Sunday, August 27, 2006

Good News / Bad News

I awoke this morning to the good news that Steve Centanni and Olaf Wiig, the two kidnapped American journalists had been freed, were unharmed, and preparing to return home.

Always one to find the ant at the picnic, I am troubled by one aspect of there captivity. It is contained in two terse, disjunct paragraphs in the New York Times coverage:
Earlier today, their captors delivered a video showing the two men in long Arab robes reading lines from the Koran to indicate their conversion.
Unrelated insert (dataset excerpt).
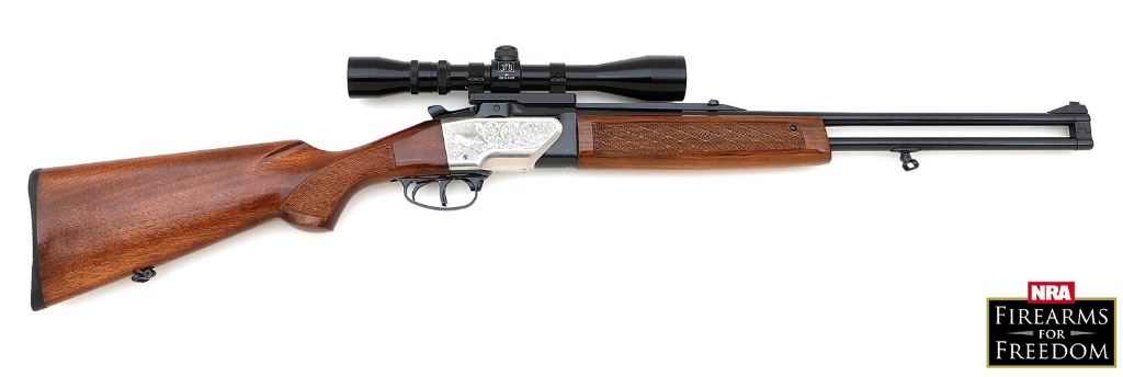serial #3-4400068/416888, 7x57R, 23 1/2" barrels with bright, excellent bores. The barrels, top lever, and trigger assembly retain about 99% original blue with a few light handling marks. The coin finished frame rates excellent and features factory etched deer game scenes on either side. The walnut stocks rate excellent as well and feature skip-line checkering to the forearm and pistolgrip buttstock. The buttstock also features a left side cheek rest and has the factory hard rubber buttplate. The original sights remain intact and mounted via a factory base is a European BMB 3-9x38mm riflescope. The scope features a German No. 4-style reticle with excellent optics. Rifle also features set triggers and sling swivels. The original box is included which includes a factory hang-tag and a tooled leather sling. This is an excellent condition European-styled sporting rifle package. (4A11768-39) {MODERN} [NRA Firearms For Freedom] (800/1200)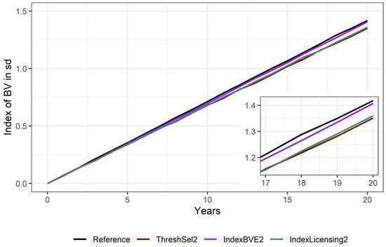 Figure 6). However, the difference between the most extreme scenarios (reference and ThreshSel2) was just 0.07 genetic standard deviations after 20 years.

Mr. Centanni said the men were forced to make videotapes decrying American policies and converting to Islam. “There were times I thought I’m dead, but now I’m not,” he said.
I am not an expert on Islam, but as I understand it, forced conversions are valid conversions. From such a viewpoint, I ask three questions:

1) Are the conversions of Mr. Centanni and Mr. Wiig considered "valid" by CAIR and other moderate Muslim groups in the United States?

2) If these conversions are invalid, will we hear condemnations of the conversions by the leading voices of moderate Islam in America, Europe, and even in the Middle East?

3) It has been shown that the imams in even "moderate" states such as Turkey and Egypt consider conversion away from Islam an offence punishable by death under sharia law. If Mr. Centanni and Mr. Wiig renounce their conversions as invalid under duress, do they fall under that death sentence?

CAIR and other Islamic organizations have claimed to be voices of moderation. Now they can show that moderation by rejecting the practice of forced conversions and refusing to sanction sharia death penalty for conversion away from Islam.